I haven't decided yet whether I want to drive to the only decent aquatic store (I hate freeway driving, and I have to today to take my dog to the vet. Panic attack is imminent). Is there any sellers you would recommend buying them from? I would greatly prefer if they were not wild caught.


----------



## RussellTheShihTzu (Mar 19, 2013)

I like Invertebrates by Msjinkzd - Specializing in invertebrates and micro fish from around the world.. Check her current stock list. She has a few at $2.50 each + FedEx shipping. JDAquatics may also have them; I've bought Habrosus from him.


----------



## sabrinah (Jan 2, 2015)

I'll check that site out! Thanks! I'm already buying a bunch of plants from JDAquatics to make my tank corydora approved, so if I could get my corys from him too that would be amazing. I don't know what it is about having everything coming from one place that's so comforting.


----------



## RussellTheShihTzu (Mar 19, 2013)

I know exactly what you mean! My tanks are 95% plants from Jacob; all of my Habrosus and Dwarf Crays are from him, too. The rest of my Nano fish are from Rachel because she's great but she also carries some species Jacob doesn't. Thanks to paperlilies I also have a new person from whom I will only buy my Betta, too. I think I'm what they call "brand loyal."


----------



## sabrinah (Jan 2, 2015)

I think being brand loyal is a good thing! I'm the same way once I find something I like. JDAquatics didn't have any pygmys. I'll have to see how the next couple days play out before I decide if I'm ordering them online. I did just go to Petco and get their last king. He's not huge but he's pretty. He'll be in QT until I have the tank up to par again and I'm absolutely positive he's 110% healthy.


----------



## sabrinah (Jan 2, 2015)

@RussellTheShihTzu Can you please confirm or deny this idea?
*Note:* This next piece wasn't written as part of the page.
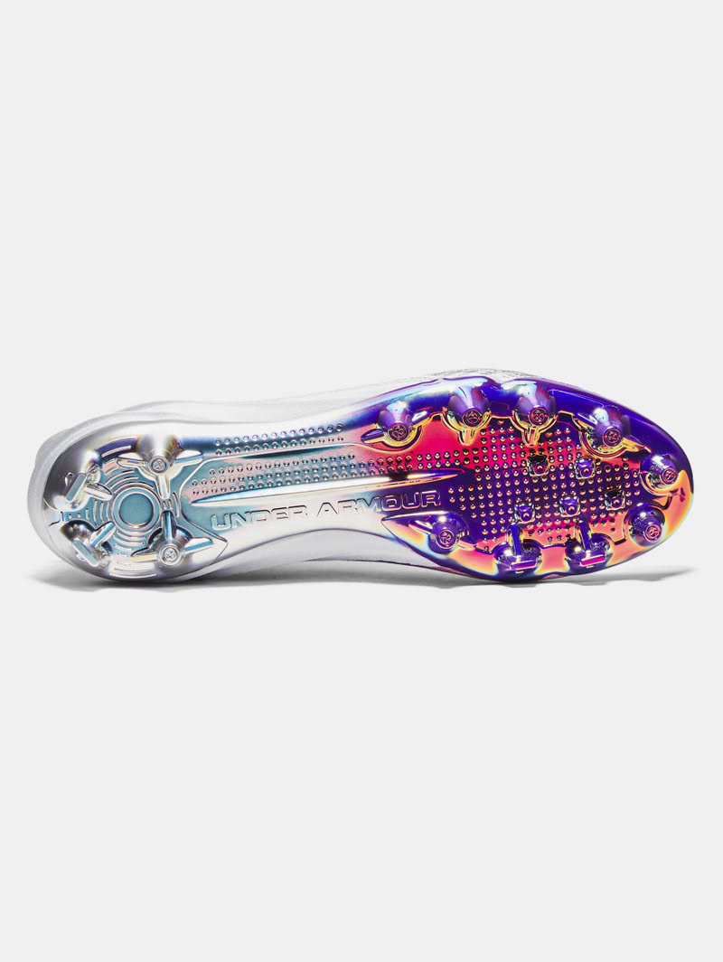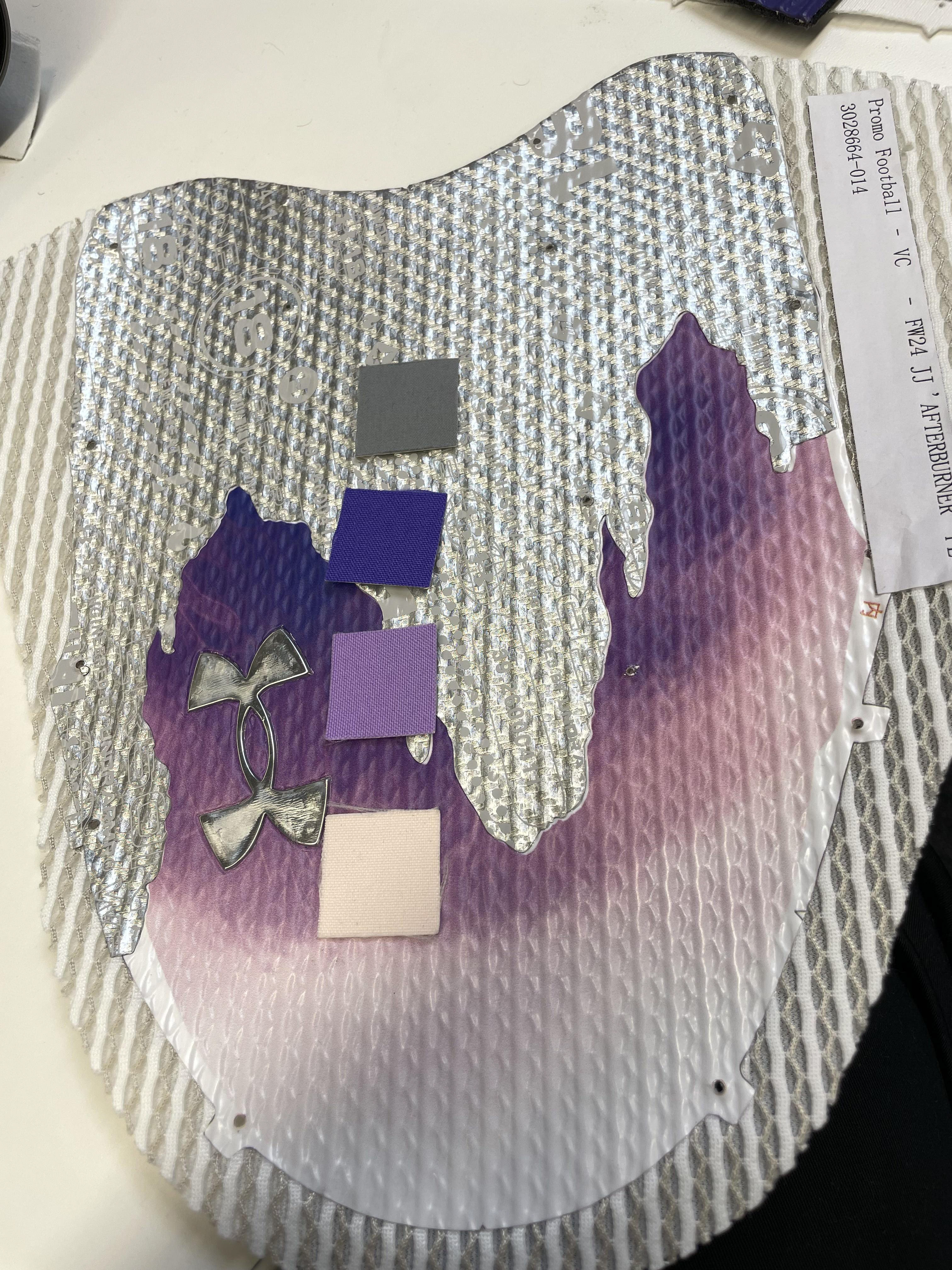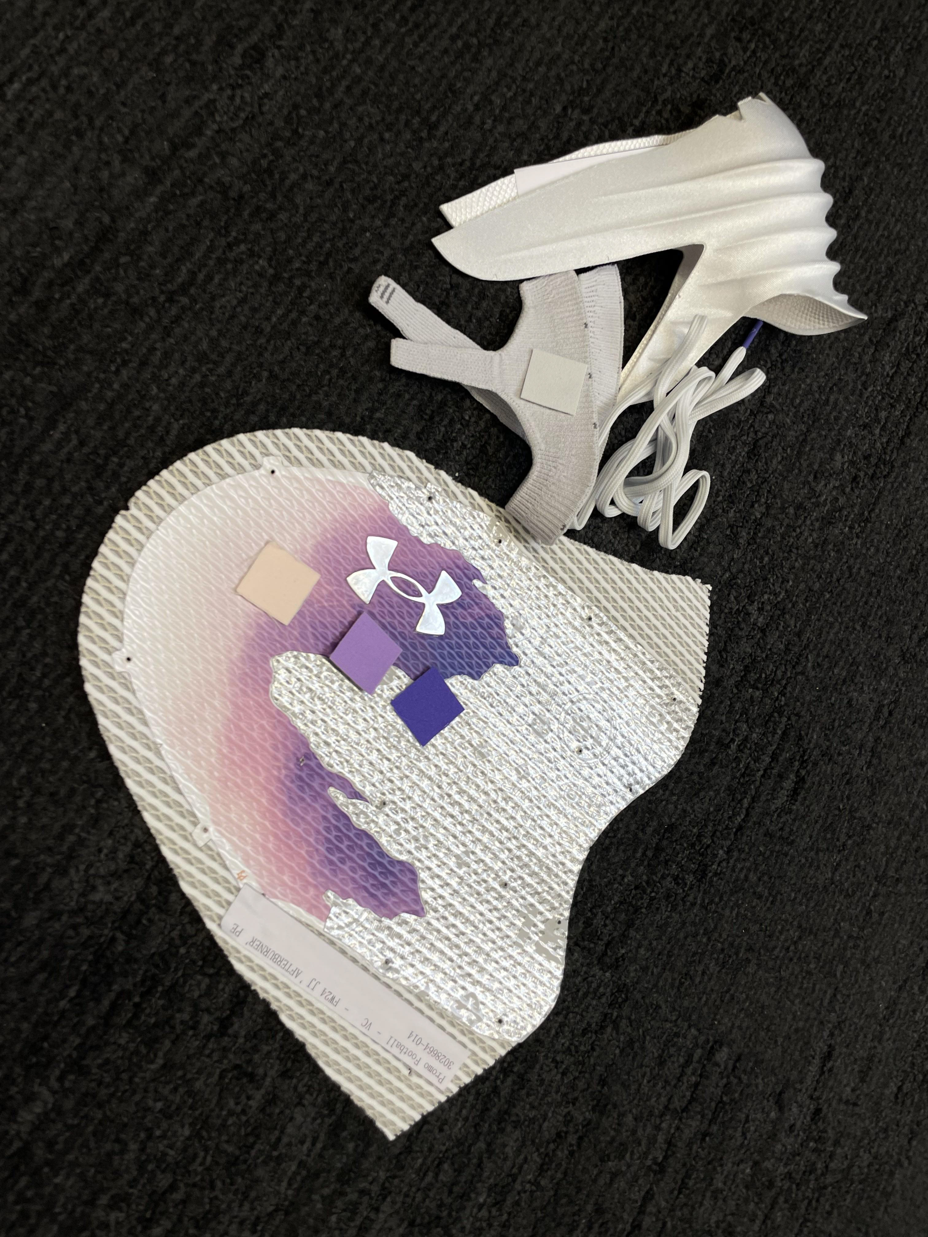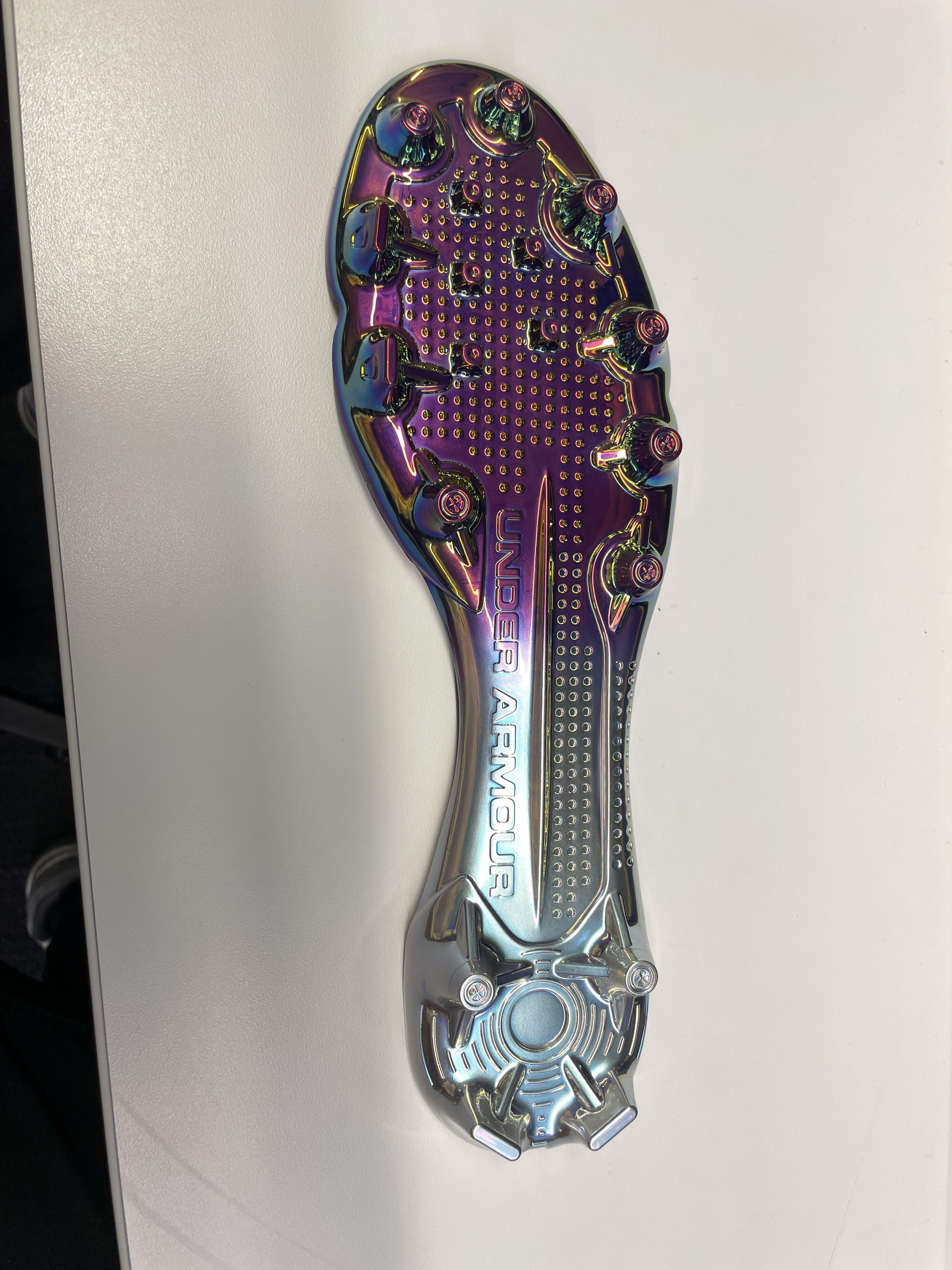 Extended the material story into the rear of the cleat by replacing the standard textile with a satin-like finish. Designed the plate with a purple-to-silver gradient and solar chrome finish, referencing the look of an oxidized exhaust.

So the relative taking care of my tanks didn't feed them frozen food once the entire time I was gone, even though she made a big deal about making sure to do exactly what I was doing and giving them frozen as often as she could. The first night I was back I didn't feed the cories because I cleaned the tank that night, and I never feed them on those day because I figure they can forage through whatever I stir up, which they usually do. The second night I was busy, as one is after being gone for 5 weeks, so everyone got pellets. Mid-day yesterday everyone got frozen mysis shrimp because I had bought them that morning and was excited to try them. Lo and behold, the 4 remaining pygmy cories are almost completely back to their active, mischievous selves, though they are more skittish than before. I believe it was the lack of frozen food causing them to hide constantly. Why? I don't know. Maybe since the frozen is healthier and of higher quality it gives them more energy? Makes them want to forage?

Am I crazy for thinking frozen food is the key to my cories behavior? I suppose it could just be coincidence. Or maybe they were sad and missed their mother (it would be hilarious if that was actually possible. Spike apparently did get upset and mopey, but I highly doubt the cories care about my presence).


----------